Work item: Going line by line through the records below, write out everything starting with the line containing "Sailor Jerry styles" and going on through the line containing "采用四挡风速设计,可以根据需", exactly and inclusively. Pictures do not go in.

Input for this task:
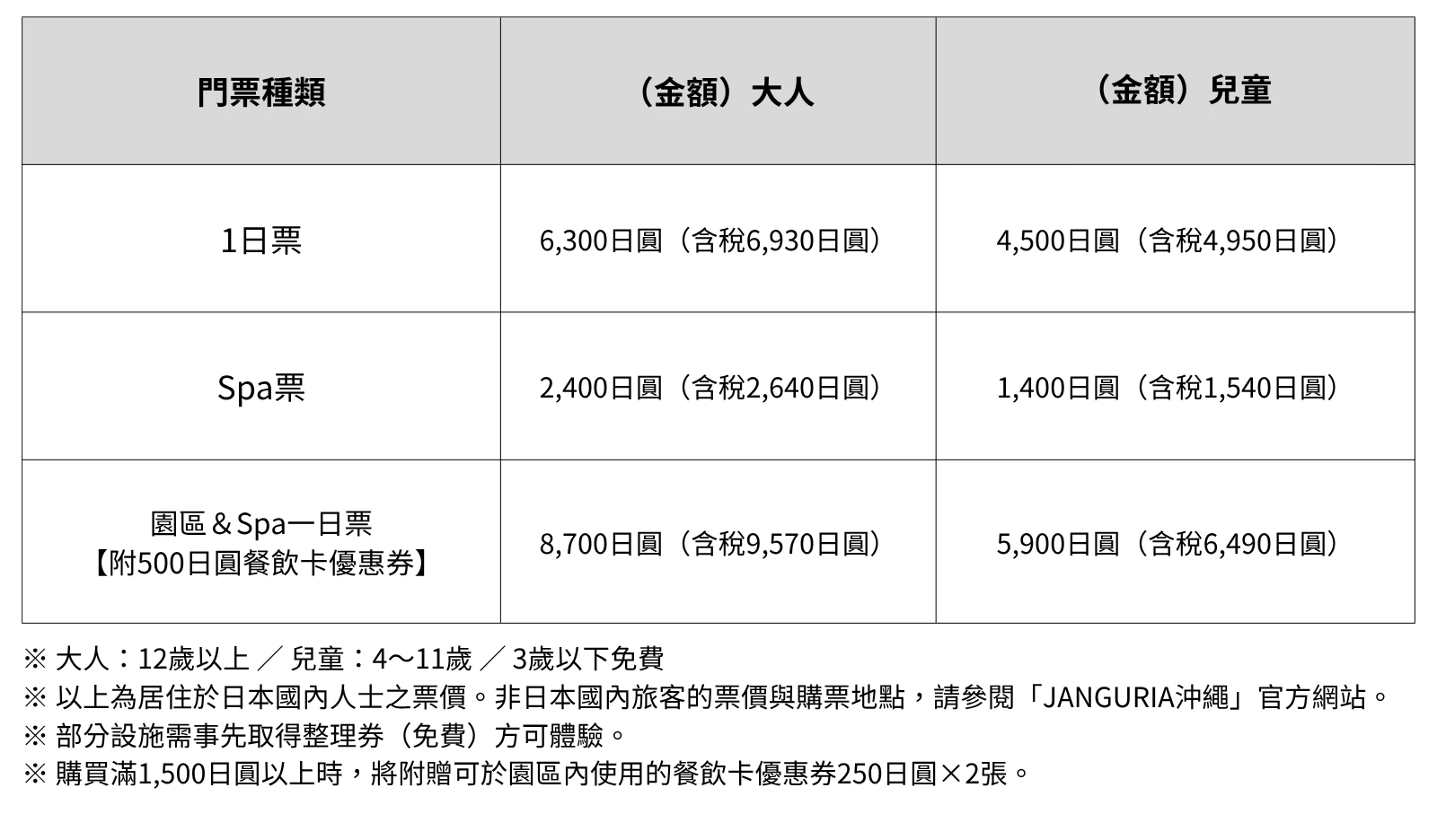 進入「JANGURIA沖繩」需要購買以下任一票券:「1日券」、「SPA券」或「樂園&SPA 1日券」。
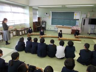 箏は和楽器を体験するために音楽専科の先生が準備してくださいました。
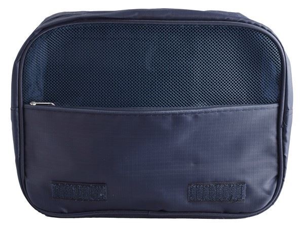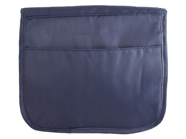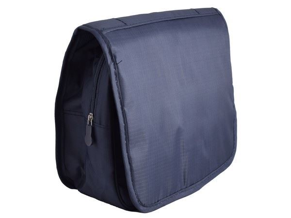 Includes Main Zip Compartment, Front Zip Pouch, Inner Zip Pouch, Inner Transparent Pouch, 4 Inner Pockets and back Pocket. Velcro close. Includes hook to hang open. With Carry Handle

...

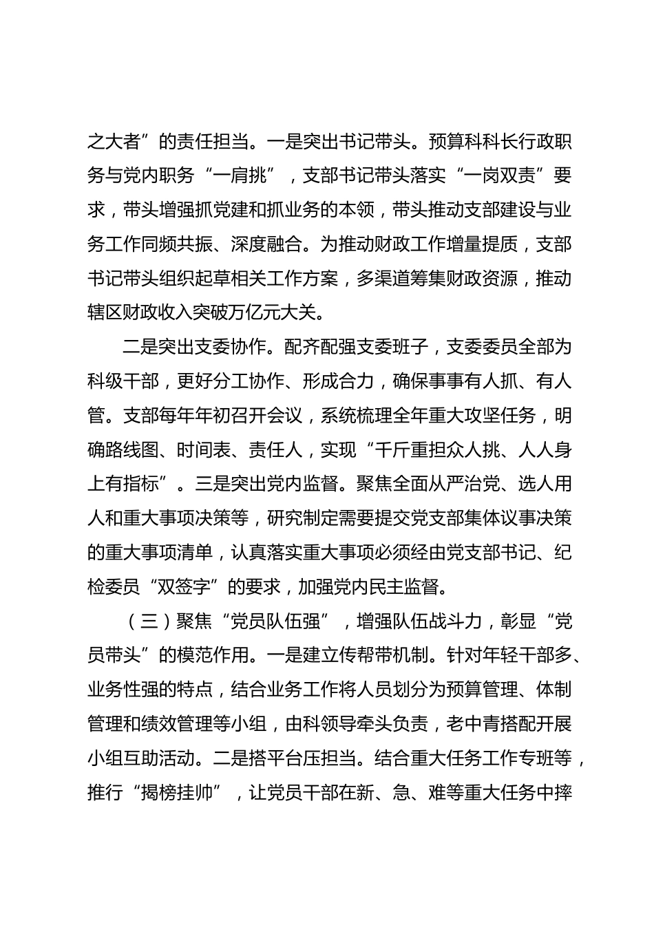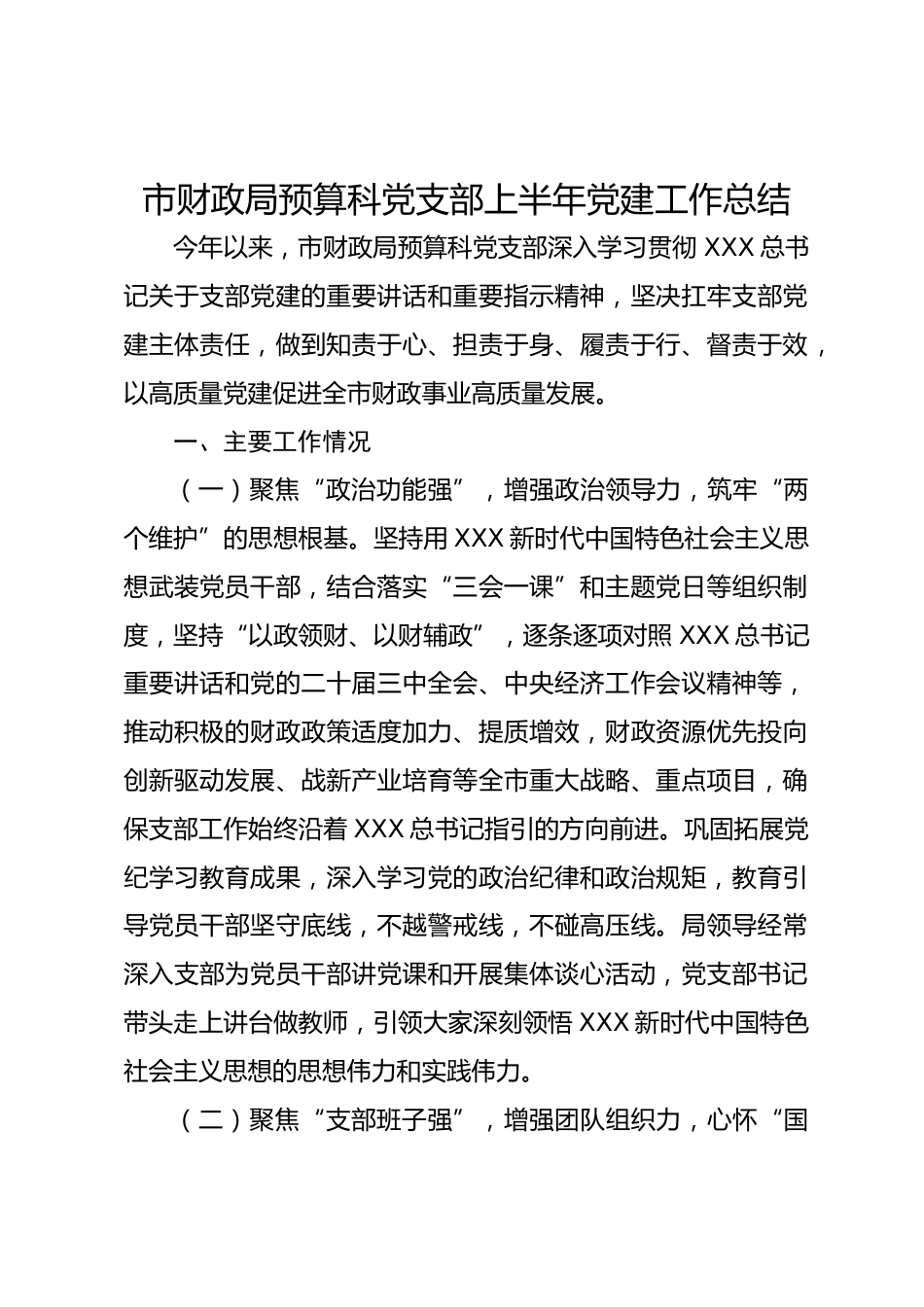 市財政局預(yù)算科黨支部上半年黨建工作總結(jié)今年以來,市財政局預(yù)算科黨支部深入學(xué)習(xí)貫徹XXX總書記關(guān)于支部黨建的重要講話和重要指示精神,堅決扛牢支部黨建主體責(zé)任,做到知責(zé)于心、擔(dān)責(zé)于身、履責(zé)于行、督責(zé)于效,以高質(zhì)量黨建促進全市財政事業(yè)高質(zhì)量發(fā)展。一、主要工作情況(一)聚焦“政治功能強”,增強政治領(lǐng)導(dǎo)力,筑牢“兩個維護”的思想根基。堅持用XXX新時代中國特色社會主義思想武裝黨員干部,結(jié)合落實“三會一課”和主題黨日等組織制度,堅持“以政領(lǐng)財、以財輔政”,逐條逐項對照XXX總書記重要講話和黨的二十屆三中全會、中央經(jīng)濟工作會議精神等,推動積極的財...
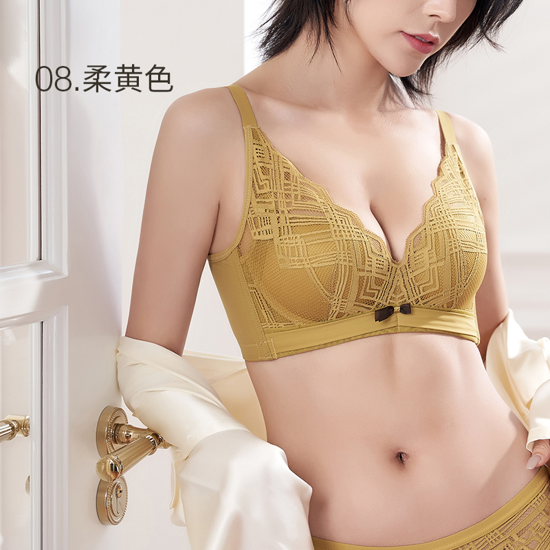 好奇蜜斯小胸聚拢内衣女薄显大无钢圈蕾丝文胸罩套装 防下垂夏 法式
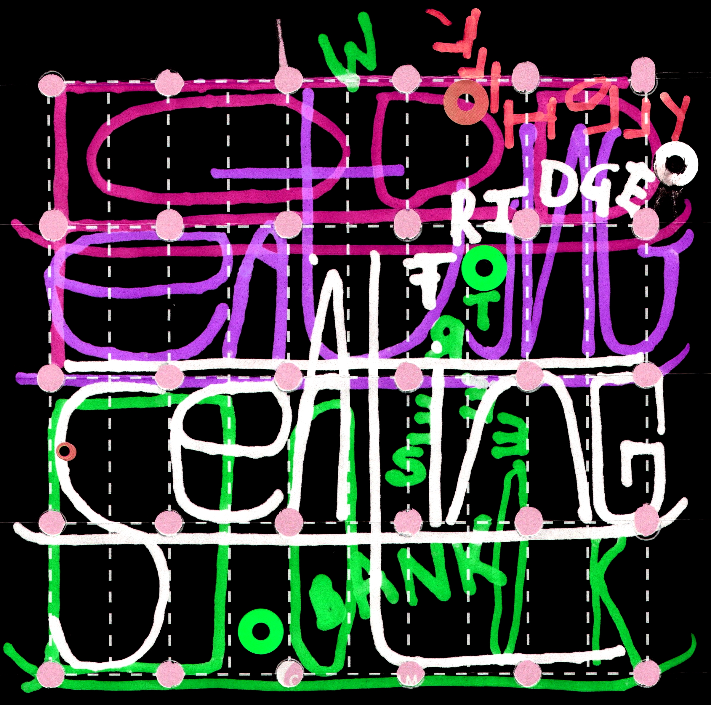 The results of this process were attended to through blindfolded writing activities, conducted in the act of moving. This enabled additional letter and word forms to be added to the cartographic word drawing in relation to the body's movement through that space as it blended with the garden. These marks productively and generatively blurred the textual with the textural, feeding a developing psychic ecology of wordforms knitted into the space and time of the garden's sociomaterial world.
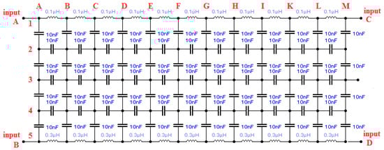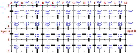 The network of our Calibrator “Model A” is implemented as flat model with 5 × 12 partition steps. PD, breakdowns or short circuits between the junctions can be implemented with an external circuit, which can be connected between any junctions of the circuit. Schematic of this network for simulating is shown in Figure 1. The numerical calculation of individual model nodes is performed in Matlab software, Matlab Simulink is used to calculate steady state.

...

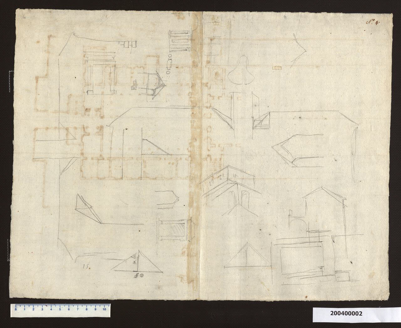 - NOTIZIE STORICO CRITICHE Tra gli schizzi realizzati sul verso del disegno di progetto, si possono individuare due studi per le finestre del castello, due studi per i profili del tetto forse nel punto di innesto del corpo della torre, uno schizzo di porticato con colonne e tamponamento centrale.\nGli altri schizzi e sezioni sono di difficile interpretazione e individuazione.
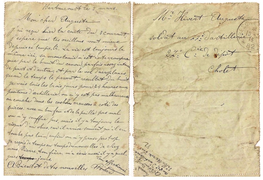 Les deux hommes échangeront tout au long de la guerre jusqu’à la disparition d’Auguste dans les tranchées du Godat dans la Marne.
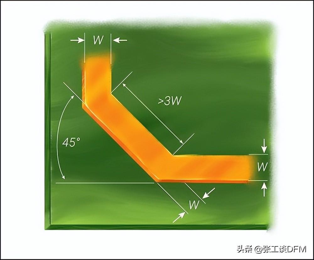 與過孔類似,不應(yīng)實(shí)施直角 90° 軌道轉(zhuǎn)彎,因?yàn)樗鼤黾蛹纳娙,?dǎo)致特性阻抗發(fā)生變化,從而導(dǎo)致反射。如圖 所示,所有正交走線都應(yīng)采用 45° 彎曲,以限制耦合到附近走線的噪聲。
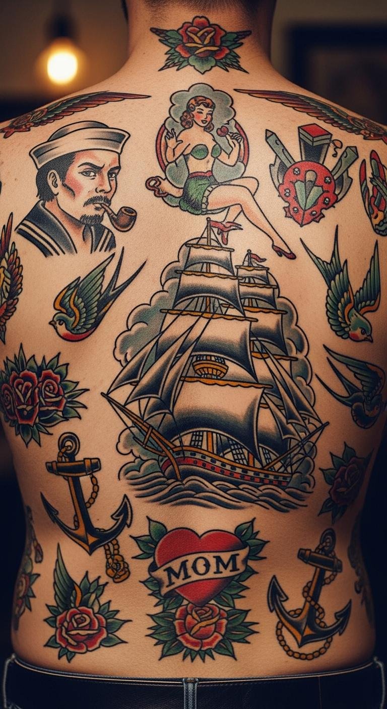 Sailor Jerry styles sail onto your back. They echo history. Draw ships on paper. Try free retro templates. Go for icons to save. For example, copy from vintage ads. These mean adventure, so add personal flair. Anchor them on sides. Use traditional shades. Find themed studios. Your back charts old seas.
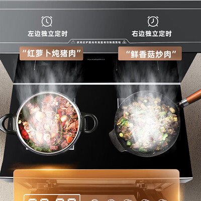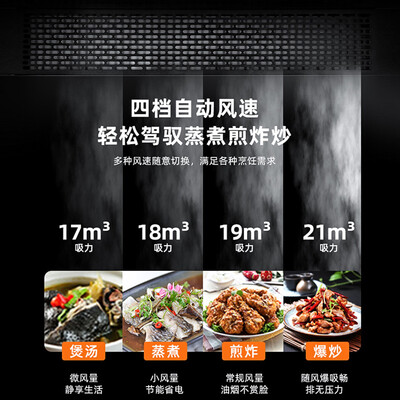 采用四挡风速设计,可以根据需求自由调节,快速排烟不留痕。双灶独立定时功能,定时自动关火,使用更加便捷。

Task result:
 Sailor Jerry styles sail onto your back. They echo history. Draw ships on paper. Try free retro templates. Go for icons to save. For example, copy from vintage ads. These mean adventure, so add personal flair. Anchor them on sides. Use traditional shades. Find themed studios. Your back charts old seas.
 采用四挡风速设计,可以根据需求自由调节,快速排烟不留痕。双灶独立定时功能,定时自动关火,使用更加便捷。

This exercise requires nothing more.